The much-anticipated government forecast said Kansas growers would reap 464.8 million bushels of corn this fall. That compares with 362.7 million bushels of wheat harvested from this year's beleaguered winter wheat crop.





The Lawrence-based Farmers Cooperative Assn. expects to receive 16 million bushels of corn, soybeans and milo this year, up from 10 million a year ago.The above-average crops could overload already tight supplies of trucks and rail cars, originator Brad Schweitzer said."We anticipate having some transportation and logistics problems," he said. "Elevator space is really tight already."

"It is a huge crop, and everyone knew it would be," said Sue Schulte, spokeswoman for the Kansas Corn Growers Assn.

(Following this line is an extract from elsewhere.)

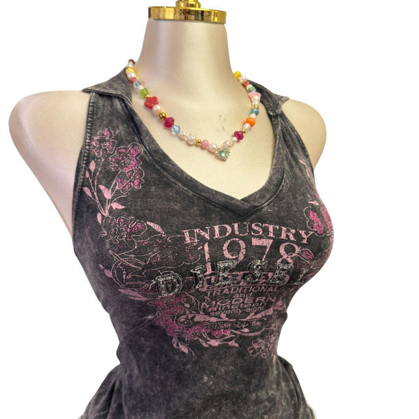 [B#3-9][OCT25]Y2K Vintage Diesel Grey Pink Graphic Tank Top Fits Size(s): smallLength: 20 inBust: 27 inSleeve: inExcellent ConditionStretchyV-NeckSleevelessPinned to fit in back only. This mannequin is tiny so they all have to be pinned.***imported from the UKđź’—INSTAGRAMđź’—@thediamondhanger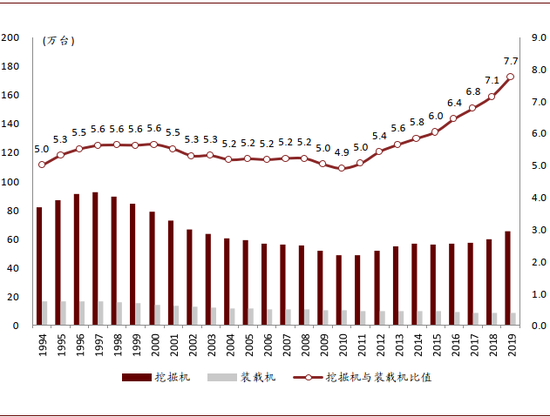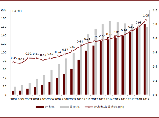 图表:中国挖掘机及装载机保有量比值提升至1:1

The bountiful corn crop in the state is 11 percent more than last year's record and, if realized, would make this the fifth consecutive year of bumper corn harvests in Kansas.

Kansas farmers planted 3.25 million acres into corn, compared with the nearly 10 million acres they had planted in winter wheat. But corn fields yield more bushels per acre than wheat fields and the wheat harvest already was poor.

KASS predicted corn yields would average 143 bushels per acre, up two bushels per acre from a year ago.

By contrast, Kansas farmers got just 39 bushels per acre from their battered wheat fields earlier this summer. That was eight bushels per acre less than a year earlier.

Kansas soybean growers also are expected to harvest a record crop, of 91.2 million bushels. It would be 16 percent more than last year, with yields expected of 32 bushels per acre.

Near-ideal growing conditions across America's heartland could bring the nation's biggest crops of corn and soybeans in history, the Agriculture Department said Friday.

U.S. corn production should reach 10.4 billion bushels the largest production and highest yield on record since the government started keeping records in 1866, USDA said. The previous record was 10.05 billion bushels of corn, set in 1994.

Such production could push December corn futures on the Chicago Board of Trade down to $1.70 per bushel and possibly lower, Kansas State University economist Bill Tierney said in an analysis.